So I have created a custom environment using OpenAI Gym. I'm closely following the keras-rl examples of the DQNAgent for the CartPole example which leads to the following implementation:
nb_actions = env.action_space.n
# Option 1 : Simple model
model = Sequential()
model.add(Flatten(input_shape=(1,) + env.observation_space.shape))
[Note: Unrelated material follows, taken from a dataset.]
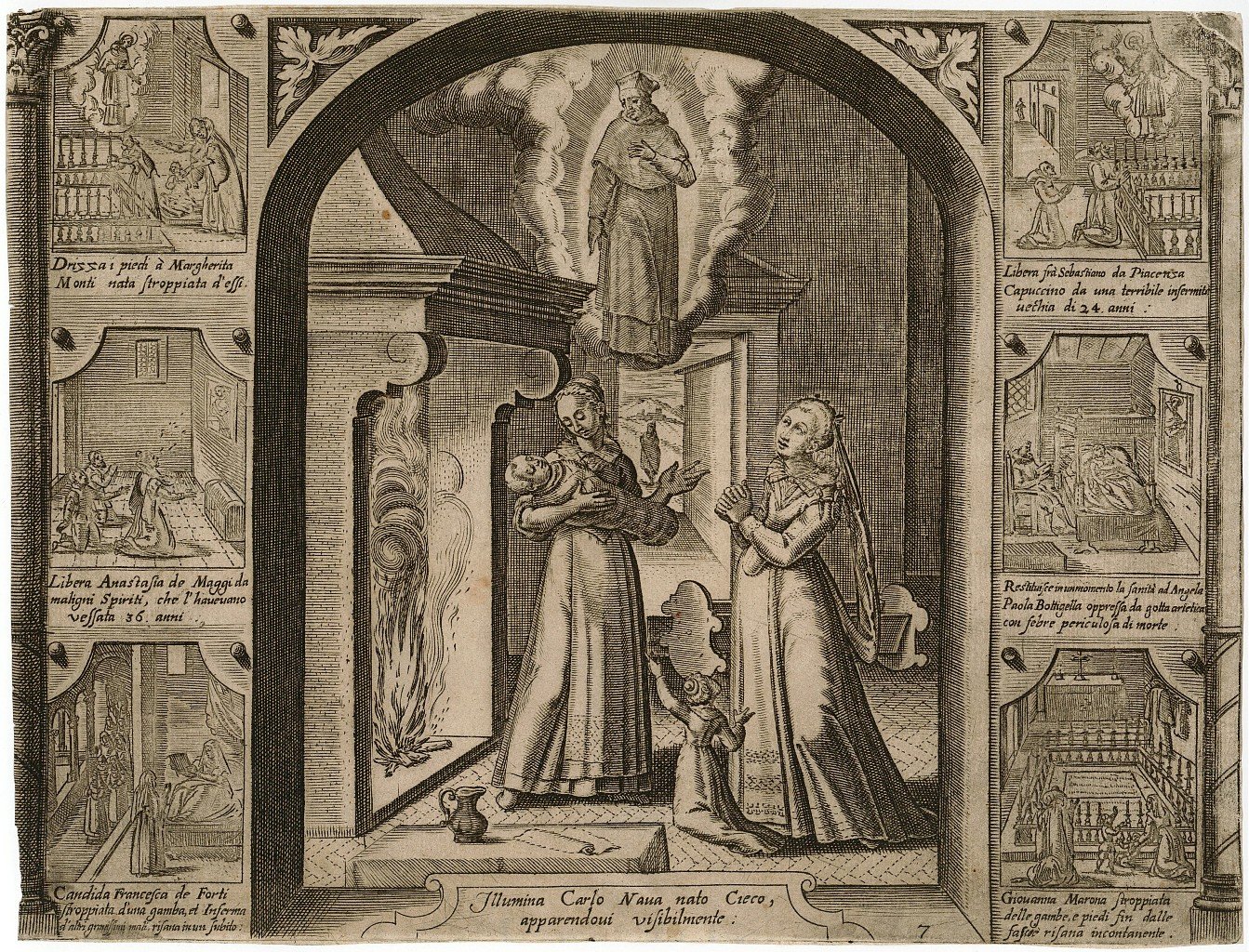Bella rappresentazione, antica ed originale, con al centro Il miracolo di Carlino Nava nato cieco, attorniata da sei vignette che rappresentano alcuni alcuni dei suoi miracoli. Inserita nell'opera "Vita e Miracoli di S. Carlo Borromeo". Dedicata a Sig. Ranuccio Farnese Duca di Parma. Edita a Roma nel 1610. Incisione nr 7 dell'opera. Mancanza dei margini

model.add(Dense(nb_actions))
model.add(Activation('linear'))
# Next, we build a very simple model.
#model = Sequential()
#model.add(Flatten(input_shape=(1,) + env.observation_space.shape))
#model.add(Dense(16))
#model.add(Activation('relu'))
#model.add(Dense(16))
#model.add(Activation('relu'))
#model.add(Dense(16))
#model.add(Activation('relu'))
#model.add(Dense(nb_actions, activation='linear'))
#model.add(Activation('linear'))
# Finally, we configure and compile our agent. You can use every built-in Keras optimizer and # even the metrics!
memory = SequentialMemory(limit=50000, window_length=1)
policy = BoltzmannQPolicy()
dqn = DQNAgent(model=model, nb_actions=nb_actions, memory=memory, nb_steps_warmup=10, target_model_update=1e-2, policy=policy)
dqn.compile(Adam(lr=1e-3), metrics=['mae'])
# Okay, now it's time to learn something! We visualize the training here for show, but this # slows down training quite a lot. You can always safely abort the training prematurely using # Ctrl + C.
dqn.fit(env, nb_steps=2500, visualize=False, verbose=2)
# After training is done, we save the final weights.
dqn.save_weights('dqn_{}_weights.h5f'.format(ENV_NAME), overwrite=True)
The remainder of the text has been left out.